Your goal: Repeat the data exactly, please; no pictures belong in the copy.

----

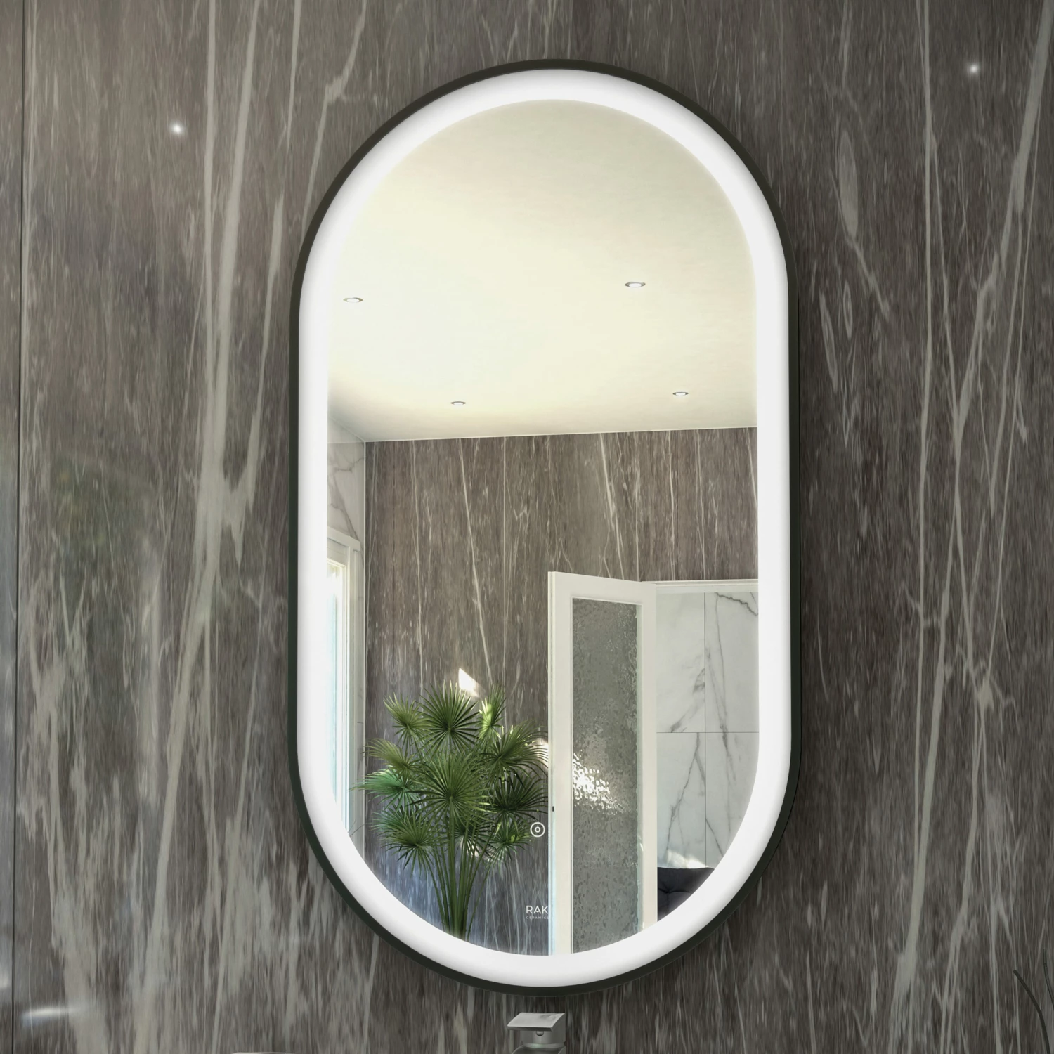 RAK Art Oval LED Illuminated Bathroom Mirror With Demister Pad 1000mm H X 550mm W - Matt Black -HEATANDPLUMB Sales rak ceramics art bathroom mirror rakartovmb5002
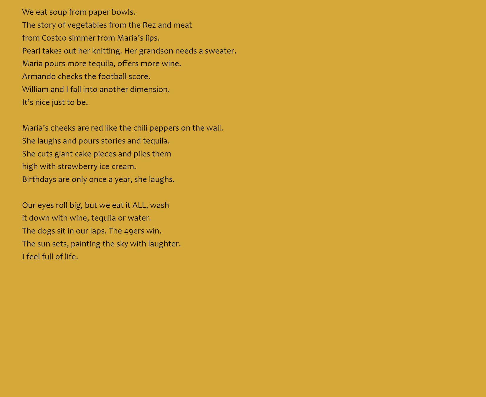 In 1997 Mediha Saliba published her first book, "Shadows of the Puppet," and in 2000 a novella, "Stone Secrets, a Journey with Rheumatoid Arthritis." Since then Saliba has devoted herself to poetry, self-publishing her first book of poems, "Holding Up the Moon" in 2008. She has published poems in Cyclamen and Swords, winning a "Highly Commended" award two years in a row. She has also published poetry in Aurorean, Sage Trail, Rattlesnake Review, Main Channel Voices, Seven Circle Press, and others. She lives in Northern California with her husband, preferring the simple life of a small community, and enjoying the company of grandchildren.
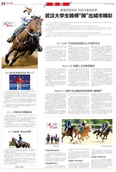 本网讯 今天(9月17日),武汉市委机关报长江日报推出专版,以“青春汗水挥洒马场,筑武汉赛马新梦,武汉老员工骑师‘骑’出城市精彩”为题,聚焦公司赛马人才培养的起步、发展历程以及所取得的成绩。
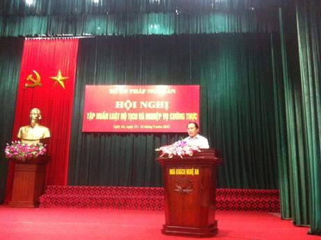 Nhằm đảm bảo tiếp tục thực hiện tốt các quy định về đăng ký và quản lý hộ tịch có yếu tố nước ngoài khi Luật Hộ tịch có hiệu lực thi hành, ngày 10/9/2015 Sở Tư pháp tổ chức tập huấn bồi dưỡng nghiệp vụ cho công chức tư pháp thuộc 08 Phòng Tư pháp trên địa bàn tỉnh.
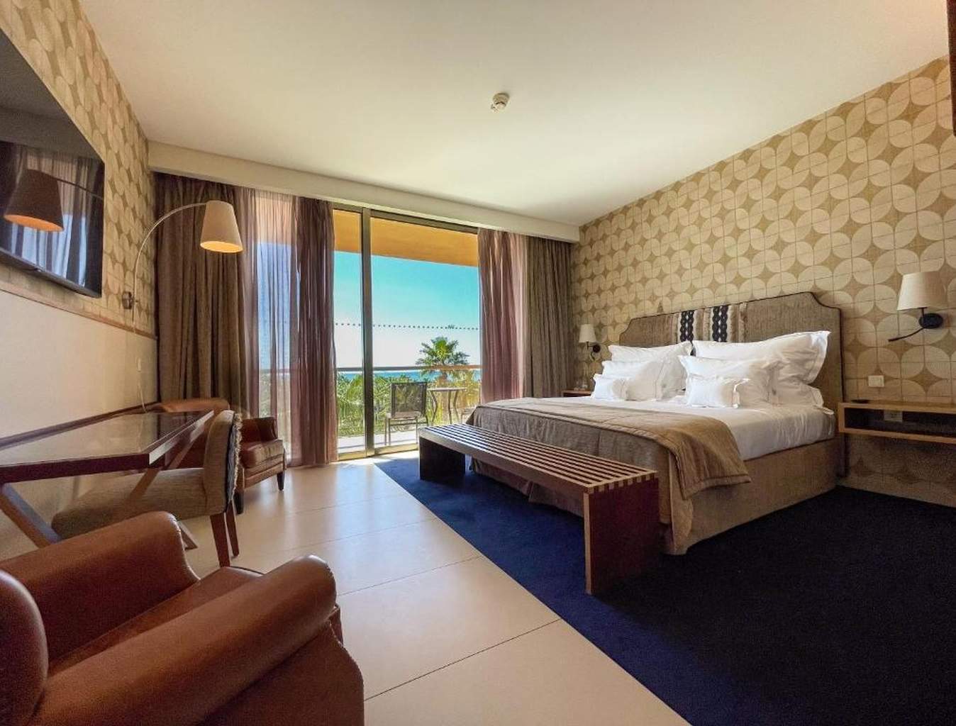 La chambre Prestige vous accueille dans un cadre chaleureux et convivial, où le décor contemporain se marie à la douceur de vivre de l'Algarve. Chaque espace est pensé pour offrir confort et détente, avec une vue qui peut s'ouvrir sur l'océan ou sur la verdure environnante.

----

Your solution:
 RAK Art Oval LED Illuminated Bathroom Mirror With Demister Pad 1000mm H X 550mm W - Matt Black -HEATANDPLUMB Sales rak ceramics art bathroom mirror rakartovmb5002
 In 1997 Mediha Saliba published her first book, "Shadows of the Puppet," and in 2000 a novella, "Stone Secrets, a Journey with Rheumatoid Arthritis." Since then Saliba has devoted herself to poetry, self-publishing her first book of poems, "Holding Up the Moon" in 2008. She has published poems in Cyclamen and Swords, winning a "Highly Commended" award two years in a row. She has also published poetry in Aurorean, Sage Trail, Rattlesnake Review, Main Channel Voices, Seven Circle Press, and others. She lives in Northern California with her husband, preferring the simple life of a small community, and enjoying the company of grandchildren.
 本网讯 今天(9月17日),武汉市委机关报长江日报推出专版,以“青春汗水挥洒马场,筑武汉赛马新梦,武汉老员工骑师‘骑’出城市精彩”为题,聚焦公司赛马人才培养的起步、发展历程以及所取得的成绩。
 Nhằm đảm bảo tiếp tục thực hiện tốt các quy định về đăng ký và quản lý hộ tịch có yếu tố nước ngoài khi Luật Hộ tịch có hiệu lực thi hành, ngày 10/9/2015 Sở Tư pháp tổ chức tập huấn bồi dưỡng nghiệp vụ cho công chức tư pháp thuộc 08 Phòng Tư pháp trên địa bàn tỉnh.
 La chambre Prestige vous accueille dans un cadre chaleureux et convivial, où le décor contemporain se marie à la douceur de vivre de l'Algarve. Chaque espace est pensé pour offrir confort et détente, avec une vue qui peut s'ouvrir sur l'océan ou sur la verdure environnante.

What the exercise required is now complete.